Their proof of principle study, “Heritable Individual-Specific and Allele-Specific Chromatin Signatures in Humans,” published in Science in April 2010, determined that distinctions in transcription binding can be studied using their method, and that transcription factor binding appears to be a heritable trait.

“We showed for the first time that some of the differences in DNA between individuals can affect the binding of transcription factors,” said Iyer, “and more importantly, that those differences could be inherited.”

The group used a relatively new sequencing technology, ChIP-Seq, which combines chromatin immunoprecipitation (ChIP) with massively parallel DNA sequencing to identify the DNA-associated proteins and to precisely map binding sites for proteins of interest. The technique enables researchers to pull out only the regions of DNA to which the proteins of interest are bound. These base pairs are then sequenced to determine the order of nucleotides and to count how many molecules of the promoter are bound to the protein.

Sounds simple enough, until you try to sequence millions of these regions of DNA and locate their exact position among the approximately three billion base pairs in the human genome.

“The genome is a vast area with many features,” explained Iyer. “You can think of the proteins as landmarks that we’re trying to place on the genome map.”

The Ranger system at the Texas Advanced Computing Center takes the short sequence reads generated by ChIP-Seq and aligns them to the reference genome. “It’s like a text search. Though if you try to run it in Microsoft Word, it will never finish,” joked Iyer. Using several thousand cores in parallel onRanger, the alignment runs take several hours for each of the data sets the group investigated. In total, the project has used more than 175,000 processor hours, or the equivalent of 20 years on a single processor.

Representation of allele-specific and non–allele-specific SNPs across the CTCF binding motif (17). The y axis indicates the difference between the two as a percentage of normalized total SNPs. Higher bars indicate an increased representation of allelespecific SNPs relative to other positions, which tends to occur at conserved positions. [Iyer et al.]

The experiment that Iyer and his colleagues’ conducted explored the gene expression of six individuals: a mother, father and child from two different populations. The single base resolution offered by next-gen sequencing enabled the researchers to look at single, known differences in the DNA and to use those differences to examine how genes on each chromosome bind transcription factors.

“We’re able to tell the difference in binding from the gene that you inherited from your father and mother—that was the big advance,” said Iyer. “We’re now using this technology to look at those differences and apply it to cases where you know that the gene from one of your parents has a mutation that pre-disposes you to some disease.”

More generally, the findings bring science one step closer to personalized medicine based on a close reading of an individual’s genome.

The sequencing technology is young, and consequently, Iyer and his team had to create many of the software tools used to analyze the results.
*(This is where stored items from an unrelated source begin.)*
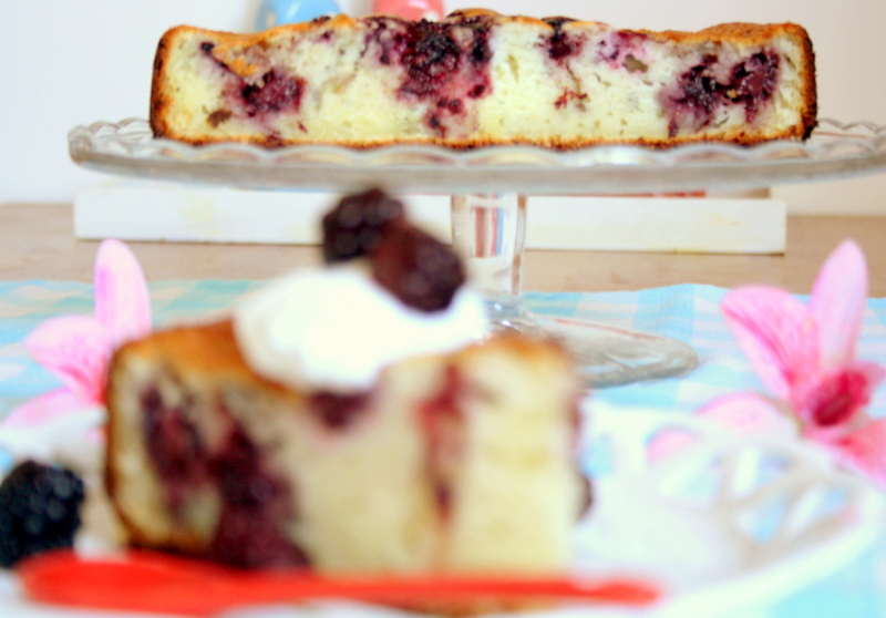 Cam asa s-a intamplat - am amestecat intr-un bol urmatoarele: 3 cesti de faina, 1 ceasca de ulei, 1 si 1/2 ceasca de zahar, 1 lingurita de praf de copt si una de bicarbonat de sodiu, bobitele de la un baton de vanilie, 3 oua (pe rand) si 400ml de iaurt. Am amestecat vartos si am turnat compozitia in tava de tort unsa cu unt. Deasupra am presarat mure (direct din congelator) si am bagat-o in cuptorul incins, la foc mic unde s-a distrat vreo 50 de minute. Dupa ce a trecut testul scobitorii am transferat-o pe un platou si ne-am indopat cu vreo 2 (sau poate 3) felii...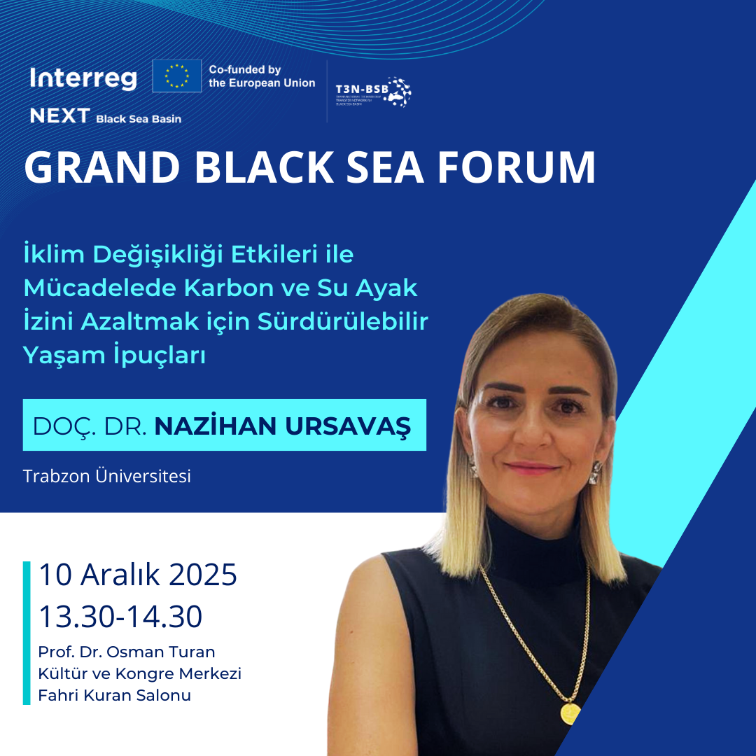 Doç. Dr. Nazihan URSAVAŞ, "İklim Değişikliği Etkileri ile Mücadelede Karbon ve Su Ayak İzini Azaltmak için Sürdürülebilir Yaşam İpuçları" konulu semineriyle Büyük Karadeniz Forumu'nda katılımcılara bilgi ve deneyimlerini aktaracak.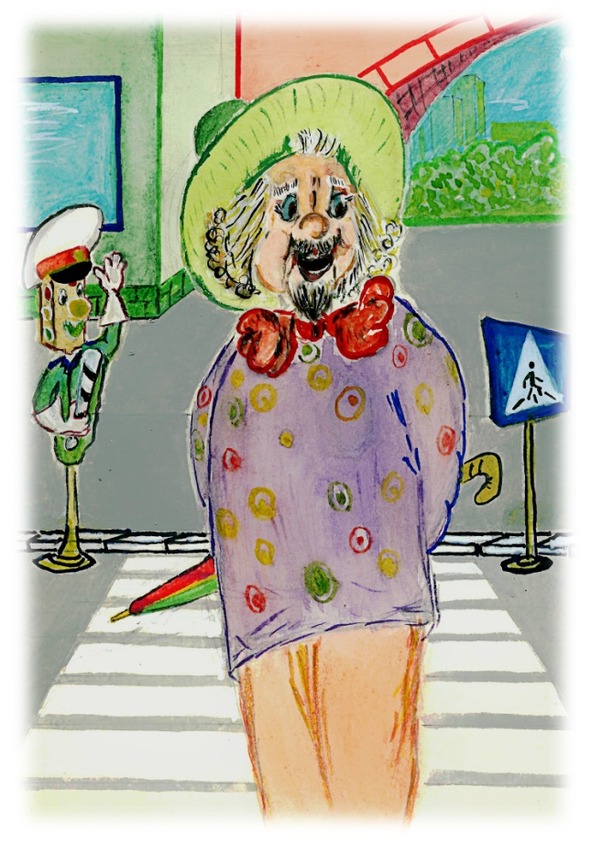 Коза удивилась,На Кирилла покосилась,Хотела боднуть…Да передумала.И подчинилась. Коза – то была умная!Постовой спросил:– Как зовут тебя?– Кирилл, но коза не моя,Я не знаю она чья…Народ вокруг подсобрался,Советовать старался:– Небось, сбежала со двора.– Да уж… Рогатая шустра…Но, никто подойти не решался,На всякий случай остерегался.А то мало ли что?! (может у козы нрав крутой?!)Кирилл не побоялся,Ободрить козу постарался:– Нам бы ошейник и повадок…Кто-то предложил: Вот верёвки кусок.Кирилл поблагодарил,На рожки верёвку козе нацепил:– В «бюро находок» отведу,Может, хозяина найду…И покатил наш Кирилл,Рядом коза цокала-семенила…Мальчик козе говорил:– Нельзя без хозяина по городу ходить,В неприятность дорожную можно угодить.Видишь, мне не повезло.Ладно, так хоть обошлось…А могло быть куда хуже!..Ты, коза, меня послушай,Я был тоже не послушный.Играл где не нужно,Вот и пострадал…– Это ты, Кирюша, правильно сказал.Кирилл удивился и тут же остановился.– А кто это… говорит?Видит Кирилл дедушка стоит,С зонтиком в руке,В разноцветном колпаке,В ярких яблоках пиджак,

“There’s not a standard pipeline where you can take next-generation sequencing data, push a button, and get some result or some insight. You really have to work at it, and part of that process is writing code,” said Iyer. “But the hardest thing, as with all science, is asking the right question, doing the right experiment, and using the right tools.”

Iyer intends to expand the experiment in the future to compare gene regulation in healthy and sick individuals. Despite the tremendous complexity of the genome, Iyer is optimistic that his group’s research will have an impact on human health.

“There are lots of diseases, lots of variants that are associated with them, and for a subset, they’ve got to be affecting gene expression by impacting transcription factors,” he opined. “If we pick the diseases and the factors smartly, I think we’ll find them.”